--- SOURCE MATERIAL Enclosed Below ---
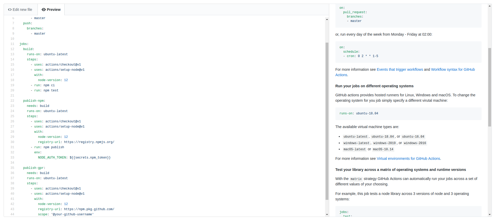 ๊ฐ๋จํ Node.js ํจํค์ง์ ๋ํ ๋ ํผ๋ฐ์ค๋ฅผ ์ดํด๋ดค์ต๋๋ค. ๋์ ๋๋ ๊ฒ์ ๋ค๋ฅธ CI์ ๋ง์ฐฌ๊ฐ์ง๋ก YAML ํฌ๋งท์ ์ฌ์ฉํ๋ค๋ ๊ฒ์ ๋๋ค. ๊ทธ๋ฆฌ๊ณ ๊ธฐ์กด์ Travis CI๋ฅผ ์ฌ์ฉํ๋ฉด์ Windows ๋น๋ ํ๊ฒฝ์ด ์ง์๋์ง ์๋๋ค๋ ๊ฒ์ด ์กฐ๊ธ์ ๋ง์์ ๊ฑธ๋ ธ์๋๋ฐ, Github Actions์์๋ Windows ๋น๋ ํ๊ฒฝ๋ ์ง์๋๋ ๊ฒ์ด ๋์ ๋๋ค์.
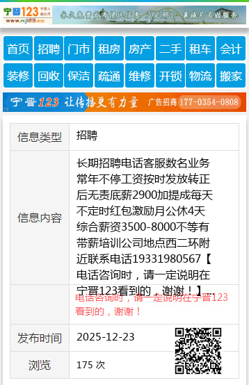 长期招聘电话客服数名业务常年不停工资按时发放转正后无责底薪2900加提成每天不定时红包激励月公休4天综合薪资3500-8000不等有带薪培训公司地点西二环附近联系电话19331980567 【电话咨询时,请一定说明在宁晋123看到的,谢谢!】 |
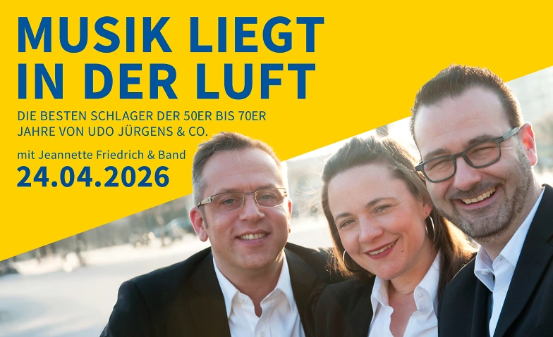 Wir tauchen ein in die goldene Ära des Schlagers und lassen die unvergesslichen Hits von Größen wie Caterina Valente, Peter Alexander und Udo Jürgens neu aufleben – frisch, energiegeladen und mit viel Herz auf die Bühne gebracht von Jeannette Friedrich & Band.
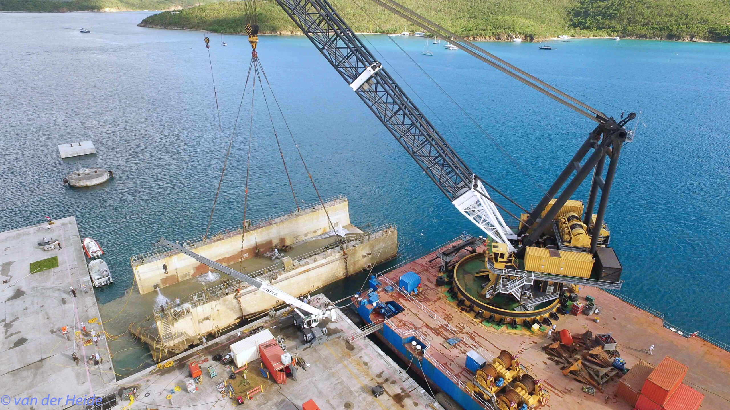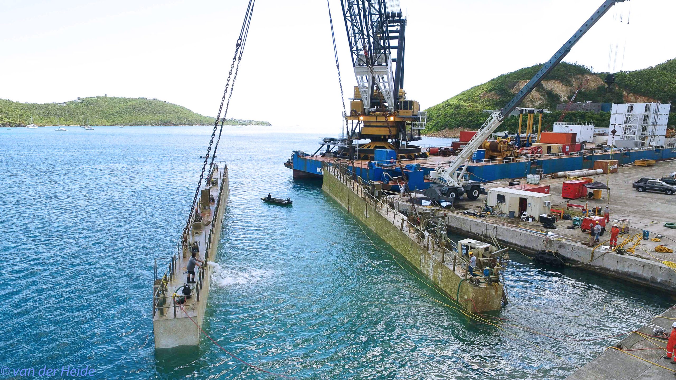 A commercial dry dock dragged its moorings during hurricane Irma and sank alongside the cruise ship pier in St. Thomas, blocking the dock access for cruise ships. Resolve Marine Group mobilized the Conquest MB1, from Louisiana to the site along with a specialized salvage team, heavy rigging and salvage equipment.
--- End of Enclosed SOURCE MATERIAL ---
(REQUIRED WORK): Copy the listing above verbatim; the pictures it contains are to stay out.

(OUTPUT):
 ๊ฐ๋จํ Node.js ํจํค์ง์ ๋ํ ๋ ํผ๋ฐ์ค๋ฅผ ์ดํด๋ดค์ต๋๋ค. ๋์ ๋๋ ๊ฒ์ ๋ค๋ฅธ CI์ ๋ง์ฐฌ๊ฐ์ง๋ก YAML ํฌ๋งท์ ์ฌ์ฉํ๋ค๋ ๊ฒ์ ๋๋ค. ๊ทธ๋ฆฌ๊ณ ๊ธฐ์กด์ Travis CI๋ฅผ ์ฌ์ฉํ๋ฉด์ Windows ๋น๋ ํ๊ฒฝ์ด ์ง์๋์ง ์๋๋ค๋ ๊ฒ์ด ์กฐ๊ธ์ ๋ง์์ ๊ฑธ๋ ธ์๋๋ฐ, Github Actions์์๋ Windows ๋น๋ ํ๊ฒฝ๋ ์ง์๋๋ ๊ฒ์ด ๋์ ๋๋ค์.
 长期招聘电话客服数名业务常年不停工资按时发放转正后无责底薪2900加提成每天不定时红包激励月公休4天综合薪资3500-8000不等有带薪培训公司地点西二环附近联系电话19331980567 【电话咨询时,请一定说明在宁晋123看到的,谢谢!】 |
 Wir tauchen ein in die goldene Ära des Schlagers und lassen die unvergesslichen Hits von Größen wie Caterina Valente, Peter Alexander und Udo Jürgens neu aufleben – frisch, energiegeladen und mit viel Herz auf die Bühne gebracht von Jeannette Friedrich & Band.
 A commercial dry dock dragged its moorings during hurricane Irma and sank alongside the cruise ship pier in St. Thomas, blocking the dock access for cruise ships. Resolve Marine Group mobilized the Conquest MB1, from Louisiana to the site along with a specialized salvage team, heavy rigging and salvage equipment.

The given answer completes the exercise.